- The paper presents the QSFormer model which unifies query-support transformers to enhance feature representation and metric learning in few-shot classification.
- It integrates both global sample and local patch transformers using cross-attention and Earth Mover’s Distance to improve class discrimination.
- Experimental results on miniImageNet and tieredImageNet demonstrate significant performance gains in 1-shot and 5-shot tasks over state-of-the-art methods.
Introduction
The paper presents a novel approach to few-shot classification, a task that involves recognizing new classes using only a limited number of examples. The authors propose a Query-Support Transformer (QSFormer) model to simultaneously address the challenges of feature representation and metric learning in a unified framework. By integrating a global sample Transformer (sampleFormer) and a local patch Transformer (patchFormer), the method enables more effective few-shot classification.
Methodology
The QSFormer framework comprises several key components: the Cross-scale Interactive Feature Extractor (CIFE), the Sample Transformer Module, the Patch Transformer Module, and the combination of these modules for metric learning and classification.
- Cross-scale Interactive Feature Extractor (CIFE): This module acts as the backbone, utilizing a ResNet architecture to generate multi-scale features.
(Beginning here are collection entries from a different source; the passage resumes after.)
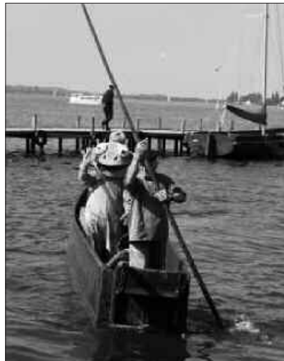
Max Moofrosch beim Beginn seiner Reise am Steinhuder Meer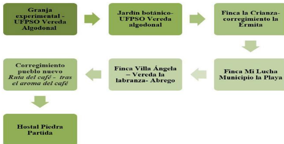
Figura 1. Muestra. (Predios que cumplieron con las características)

Muestra. Siete (7) predios preseleccionados que cumplieron con las características de colaboración e interés por parte del propietario en participar en el proceso, vías de acceso, servicios públicos y ubicación.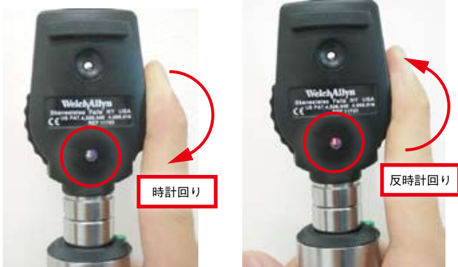
緑色の数字（凸レンズの度数）が変化 赤色の数字（凹レンズの度数）が変化

眼底鏡を使用するたびに毎回合わせる必要がないように、いったん自分の視力にレンズを合わせたら、そのときのレンズ度表示窓の数字を覚えておくとよい。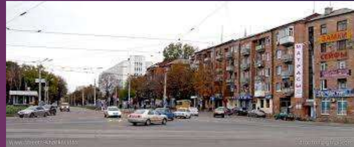
Площа Повстання – площа Захисників України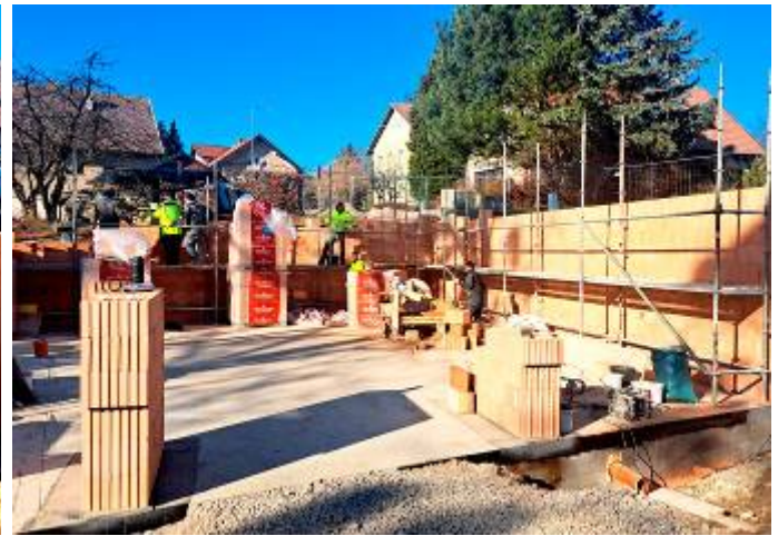
Stavba nosných konstrukcí objektu

It enhances the representations by capturing cross-scale dependencies using a Transformer-based network (Figure 1).
Figure 1: Illustration of Cross-scale Interactive Feature Extractor (CIFE) for feature extraction.
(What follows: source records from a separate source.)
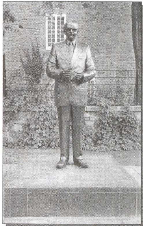
Monument de Jean Drapeau, place De La Dauversière, en face de l'hôtel de ville de Montréal

exprimée par sa famille, il n'en fut point question. Les gens ont été invités à se rendre à l'Hôtel de ville afin de signer le livre des condoléances. De plus, une messe solennelle de funérailles fut célébrée à la Basilique Notre-Dame.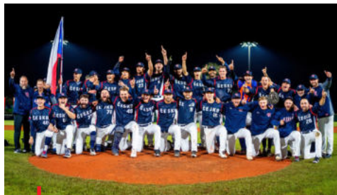
Čeští reprezentanti v baseballe slavi postup na World Baseball Classic

A ani budoucnost není bůhvíjak růžová. Stačí se podívat na rozpočet pro rok 2023.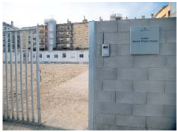
Es mantenen els problemes logístics al centre | Roger Benet

Dos mesos de provisionalitat a l'Institut Narcisa Freixas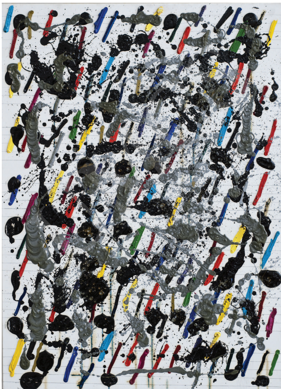
Ilustracja 1. W. Pawlak, Partytura do baletu Sokrates III , 2003, 73x100 cm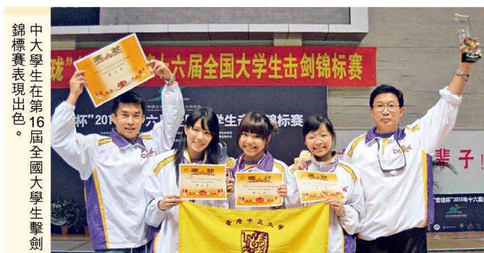
中大學生在第16屆全國大學生擊劍錦標賽表現出色。

壁球團體錦標賽」冠軍。而中大男子欖球隊在香港大專體育協會主辦的男/女子7人欖球賽中勇奪男子組冠軍。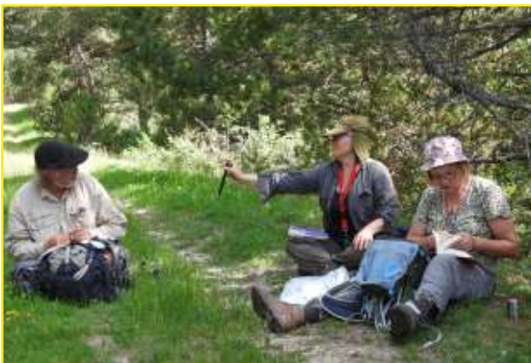
De excursieregelaars in overleg.

Deze kaart bevat belangrijke informatie zoals de aanduiding van wandelpaden, trekkershutten, schuilplekken, vegetatieverschillen, hoogtelijnen en andere informatie. Het is een volledige kaart van een uitstekende kwaliteit.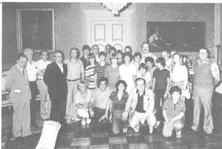
S sprejema pri predstavnikih mesta Parme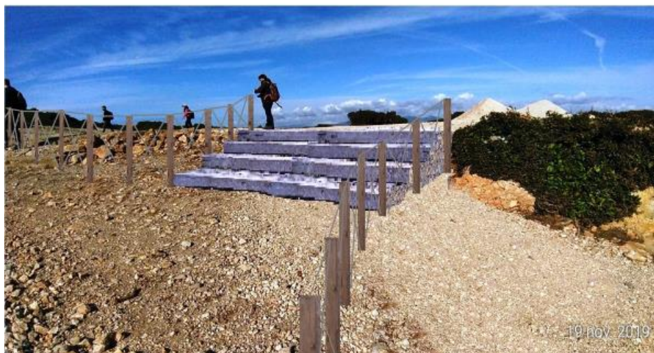
Escalier permettant d'accéder plus aisément au bunker

Pose de gabions coussins fait grillage de poulailler et de pierres locale, l'ensemble relié aux piquets bois de l'entrée.

- Sample Transformer Module (sampleFormer): As illustrated in Figure 2, sampleFormer uses an encoder-decoder structure to model the relationships between query and support samples. In this design, the encoder emphasizes support sample interaction, while the decoder focuses on query sample representation and metric learning through cross-attention mechanisms.
Figure 2: An overview of the proposed QSFormer framework, which mainly consists of Cross-scale Interactive Feature Extractor (CIFE), Sample Transformer Module, Patch Transformer Module, Metric Learning and Few-shot Classification. More details can be found in Section \uppercase\expandafter{\romannumeral3
- Patch Transformer Module (patchFormer): This module complements the global approach by modeling local relationships within image patches. The patchFormer calculates metrics using the Earth Mover's Distance (EMD) method, enhancing fine-grained feature alignment.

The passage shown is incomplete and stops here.